Acknowledging that “effective inventory management has always been about balancing the need to have parts readily available against the high cost of holding those parts on the shelf”, Ian Kent, Product Manager at Rusada, explains the role an IT package can play.

“A good maintenance software system should be able to help operators understand their inventory needs as well as their supply chain, so that stock levels can be continually optimised,” he says. “A good system should also be able to manage the inventory, ensuring appropriate levels of stock turnover, shelf-life control and cost management.

“An age-old problem for airlines is the continuous increase of inventory on the shelf. It is often difficult for an airline to understand the reasons for this. A good system should have the analytical tools which enable the airline to quickly and easily understand inventory movement,” Kent emphasises.

Optimising your inventory holding

When assessing optimum inventory holding there are many factors that come into play. “These include aircraft types operated, age and fleet size, type of operation, geographical extent of operation, level of service protection required, level of maintenance operations performed in-house, supplier lead times and many more,” he states. “Many airlines, especially start-ups, will look to their OEM for recommendations and initial provisioning lists, but often these are significantly more than is actually required.

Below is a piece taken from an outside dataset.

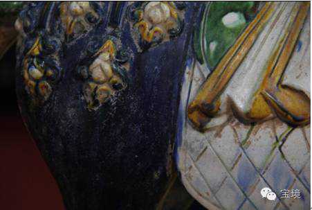 没有气泡,褐、黑等色的杂质带入釉里。釉面沁蚀自然,有返铅银斑,蓝釉中带有黑斑才是真正的进口料蓝釉唐三彩马,是鉴定唐代进口钴釉料蓝釉的根据痕迹。

“Most of the decisions associated with these factors lie with the airline but an MRO/inventory management system can certainly assist in the decision making through the analysis of material demand data for both routine scheduled and unscheduled maintenance,” Kent continues. “Systems such as [Rusada’s] ENVISION, allow material requirements to be clearly defined against maintenance task requirements and comprehensive forecasting tools enable accurate material requirements to be determined. This helps an organisation to understand where and when they need inventory to be available.”

Choosing your procurement strategy

Parts specialists are no longer the sole source for spares, having been joined in the aftermarket by the OEMs themselves. Comprehensive support packages offered by the airframers and engine manufacturers nearly always include an offer to help control inventory.

“Many airlines are looking for alternative ways to meet their inventory needs without having the traditional high cost of ownership,” observes Kent. “Airframe OEMs and specialist companies offer a range of flexible solutions including provision of on-site consignment stock and access to rotable pool stock under a range of financial options including leasing, power by the hour, loan and exchange.

“Whilst these solutions do allow airlines to lower their investment needs and simplify their supply chain, they can end up increasing the burden of inventory management,” he argues. “Many of these solutions require careful management of OEM-owned/supplied stock and failure to do so can result in heavy penalty costs.

“A good MRO/inventory management software system should support this process, by ensuring that unserviceable components are returned to the OEM/rotable stock provider within agreed timeframes. Being able to manage these contractual terms and the relationship between exchange items and unserviceable cores is critical for an airline,” Kent emphasises.